Wayne Shorter - Adam's Apple
Released - October 1967
Recording and Session Information
Van Gelder Studio, Englewood Cliffs, NJ, February 3, 1966
Wayne Shorter, tenor sax; Herbie Hancock, piano; Reginald Workman, bass; Joe Chambers, drums.
1699 tk.3 Adam's Apple
Van Gelder Studio, Englewood Cliffs, NJ, February 24, 1966
Wayne Shorter, tenor sax; Herbie Hancock, piano; Reginald Workman, bass; Joe Chambers, drums.
1700 tk.11 Footprints
1701 tk.14 El Gaucho
1702 tk.16 502 Blues (aka Drinkin' And Drivin')
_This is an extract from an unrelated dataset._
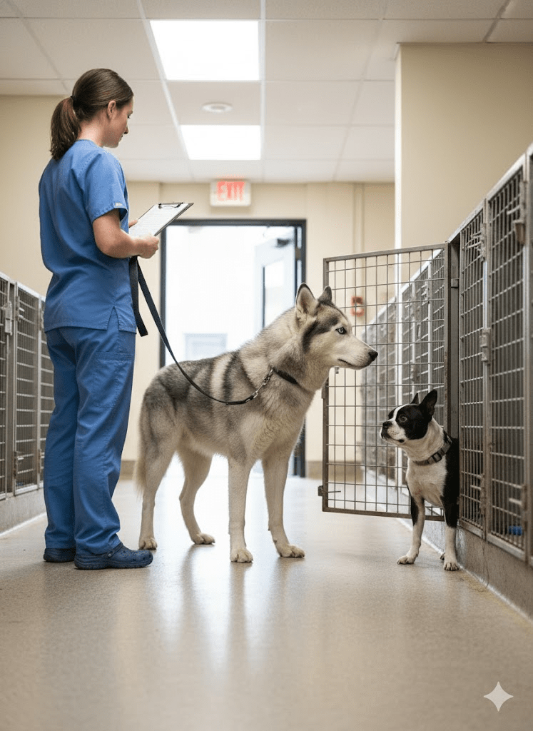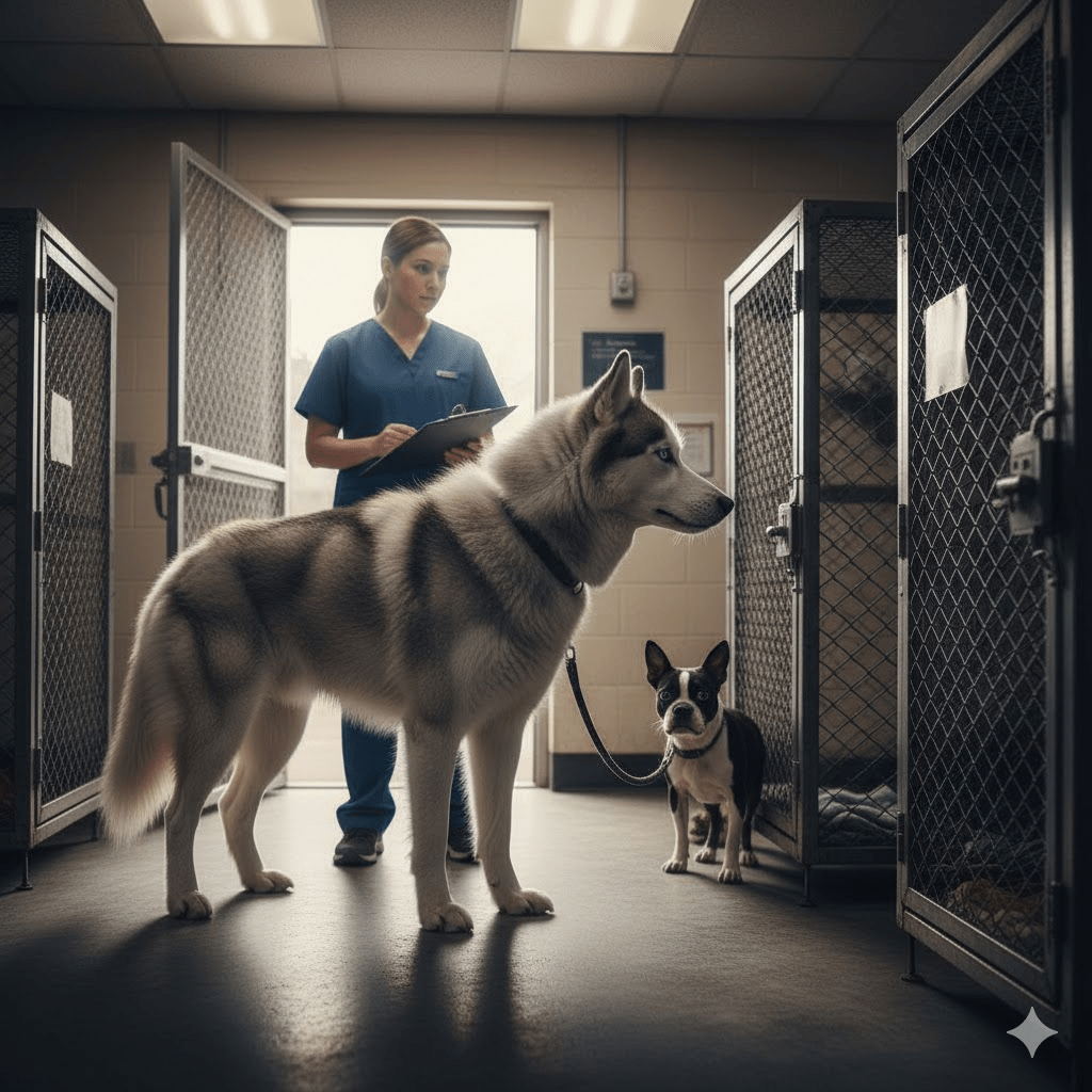 My gaze followed his, and that’s when I saw him: Hades, a tiny black-and-white Boston Terrier, peeking out from the farthest corner of Zeus’s old run. His anxious eyes trembled, fixed on the Husky. It dawned on me then – they weren’t just kennel mates; they were friends, a source of comfort and familiarity in a world of uncertainty. Zeus wasn’t just leaving a cage; he was leaving his only sense of safety, his companion. A deep, almost palpable tenderness filled the air, a silent plea from one animal to another.

1703 tk.17 Chief Crazy Horse
1704 tk.20 Teru
Track Listing
Side One | ||
Title | Author | Recording Date |
Adam's Apple | Wayne Shorter | February 3 1966 |
502 Blues (Drinkin' and Drivin') | Jimmy Rowles | February 24 1966 |
El Gaucho | Wayne Shorter | February 24 1966 |
Side Two | ||
Footprints | Wayne Shorter | February 24 1966 |
Teru | Wayne Shorter | February 24 1966 |
Chief Crazy Horse | Wayne Shorter | February 24 1966 |
Liner Notes
IT hasn't been very long since jazz music represented just one thing to the general audience-the sound of the night life. The list of television shows which found jazz the perfect accompaniment for scenes of violence and fast action is too familiar to mention. Yet in recent years jazz finally has come to fill a broader spectrum of experience, even for the most casual listener. Curiously, and perhaps appropriately, this filling out of the emotional color wheel has come at a time when young jazz men have been accused of a monochromatic brand of self-expression. That such is not the case is clearly revealed in this set by the Wayne Shorter group in music performed with great subtlety and almost gentle underplaying by a collection of extraordinary young jazz musicians.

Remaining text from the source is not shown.